Without cash flow, no business will survive. It is often considered the lifeblood and if you run low or completely out of workable cash, it can cause serious problems. It can make it almost impossible to purchase inventory, pay the utilities, cover your lease, and even pay employees.

Unfortunately, not enough business owners are intimately familiar with their cash flow or even understand all the various components it entails.

Let’s talk about cash flow metrics.

Your cash flow is basically defined as your current assets minus your current liabilities. What are current assets? They are defined as the money you have on hand, in the bank, current Accounts Receivable, inventory, the building itself (if you happen to own it outright) and other equipment you use every day for operations.
Now, liabilities are Accounts Payable and other long-term liabilities you have on hand. This could include various business debts, including a direct business loan or line of credit.
When you divide your current assets by your current liabilities, you will be left with a ratio of assets to liabilities. This is your cash flow metric.

What should be the goal?

A healthy business should aim for at least twice as many assets as they have in liabilities.
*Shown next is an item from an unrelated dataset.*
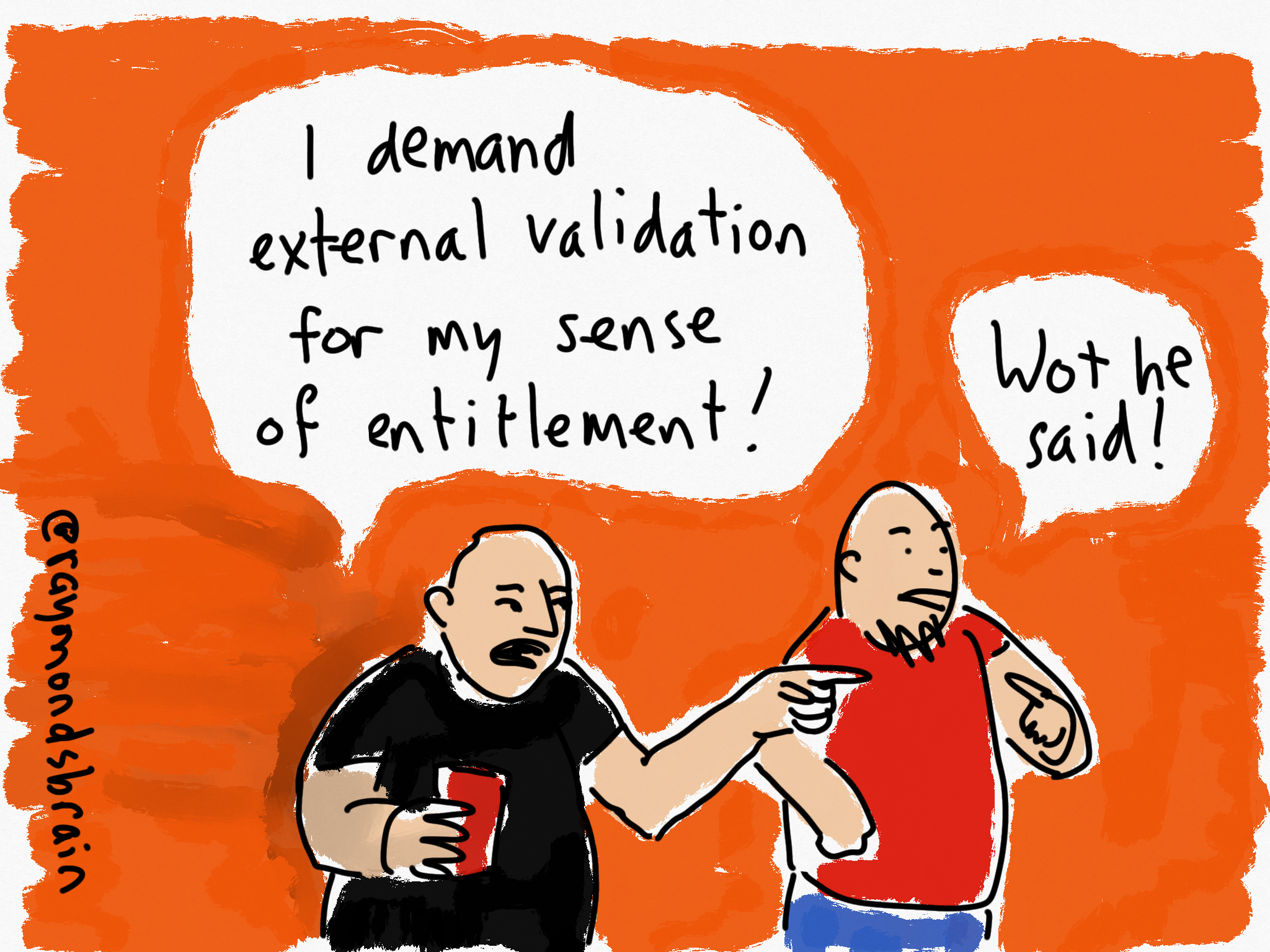 This exhibit of paintings by David Haughton at the Visual Space gallery consisted of portraits of criminals and disturbing collages of white supremacists, based on photos on the internet. Haughton is appalled by their behaviour and hoped that presenting their images could be a chance to role play our opposition to them. Haughton said he hoped they would be ashamed of their actions, but the images themselves seemed like fairly straightforward depictions, so conceivably the subjects might actually be pleased to see themselves so depicted. It seemed well intentioned but misguided. I don’t know if my cartoon is any better.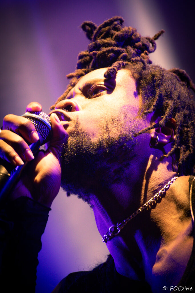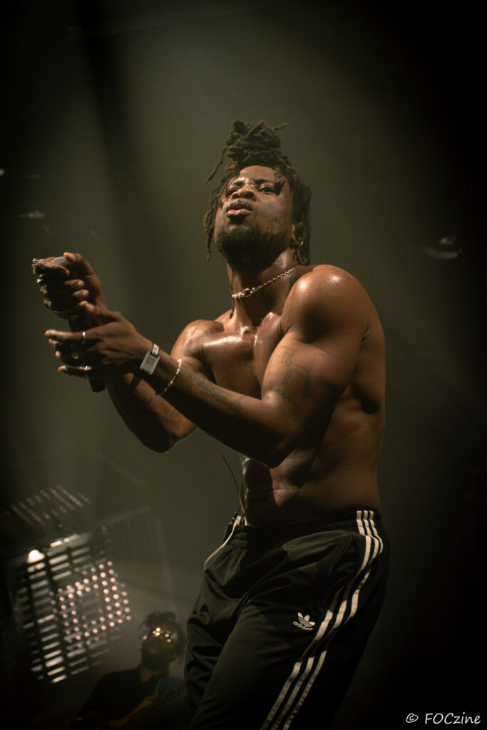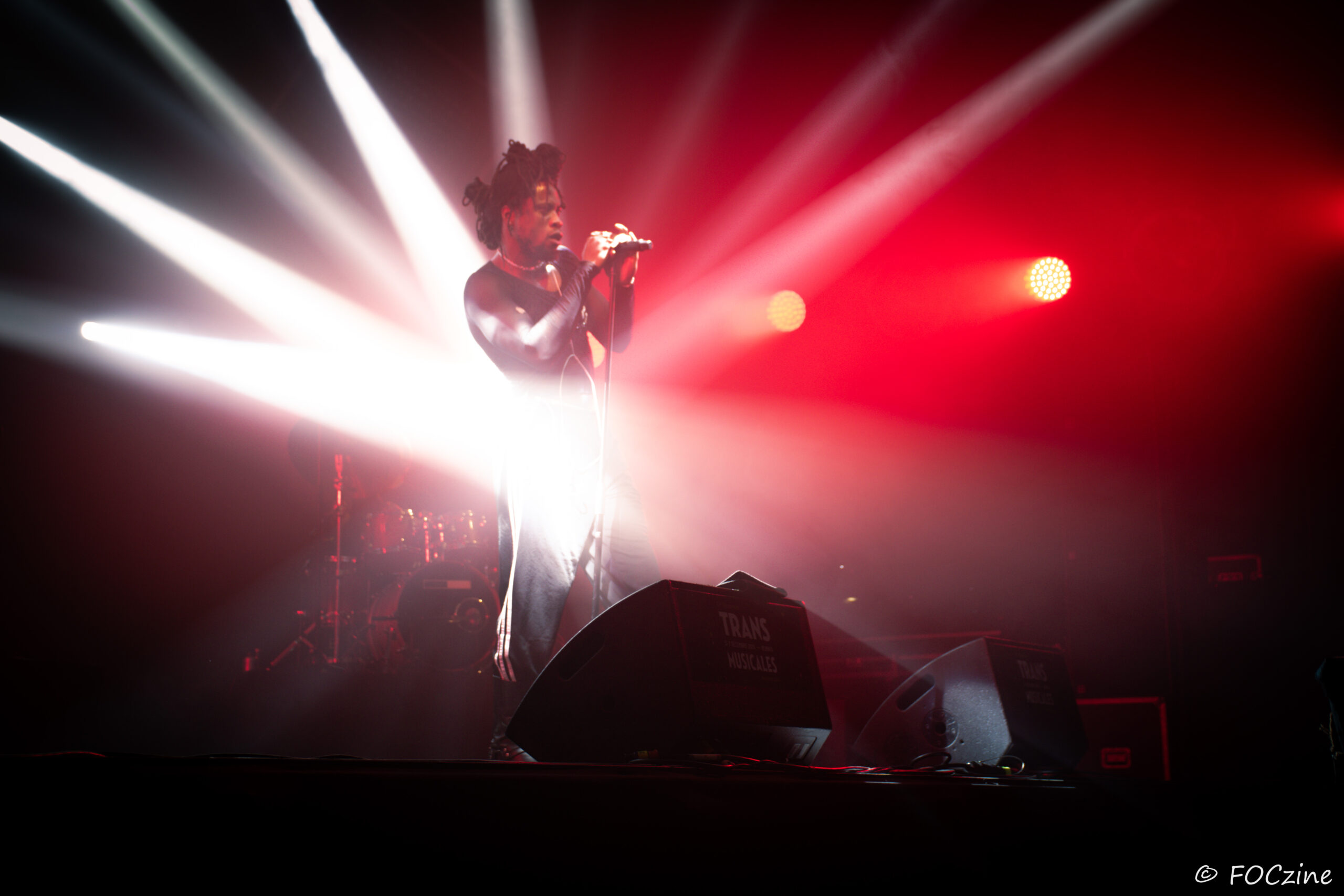 C’est avec OBONGJAYAR que je poursuis cette première soirée des Transmusicales. Il faut dire que l’artiste nigérian-britannique au style inclassable, mêlant afrobeat, soul, spoken-word et électronique est attendu. Sa singularité repose avant tout sur une voix très expressive, capable d’être tour à tour grave, rugueuse ou aérienne. À travers ses chansons, il explore des thèmes profonds comme l’identité, la diaspora, la spiritualité et les tensions sociales, en puisant dans son parcours personnel entre le Nigeria et le Royaume-Uni. Révélé par plusieurs EP remarqués, il s’impose pleinement avec son premier album Some Nights I Dream of Doors en 2022. Il confirme ensuite sa maturité artistique avec Paradise Now en 2025, un projet plus audacieux et affirmé. Ses collaborations avec des artistes comme Little Simz, Fred Again.. ou Danny Brown renforcent son statut d’artiste hybride et visionnaire de la scène contemporaine. Un atout de plus dans sa poche, ou du moins sous son Tee shirt, sa musculation. Il n’éprouvera aucune difficulté à hotter celui ci puis à taper du pied sur la scène et dans l’oeil d’un public conquis.

In other words, this would be a 2:1 ratio.

What about for small, relatively new businesses?

Most small, new businesses struggle to even come close to a 2:1 ratio. That’s because their liabilities often outpace assets and Accounts Receivable, at least in the beginning. However, by keeping a closer tab on these cash flow metrics, it can help a business owner or manager notice trends, whether their ratio is going up or down, or when they begin operating below 1:1 limits.

If a business is operating below 1:1, then they are operating at a loss.

Now, how can you address a cash flow problem?

The first thing to do is understand exactly where all of your expenses are. You need to be clear on where your money is spent.

Second, take a look at how other businesses are spending, especially within your industry. You may discover there are certain expenses you thought were necessary that other competitors are simply not focused on.

Third, become a micromanager, of your spending that is. The strongest and most successful leaders understand micromanaging is a poor idea, but when it comes to your spending when you want to increase cash flow, micromanaging is crucial.

The more you understand about cash flow, the more effective you can be at helping your business not just survive, but thrive.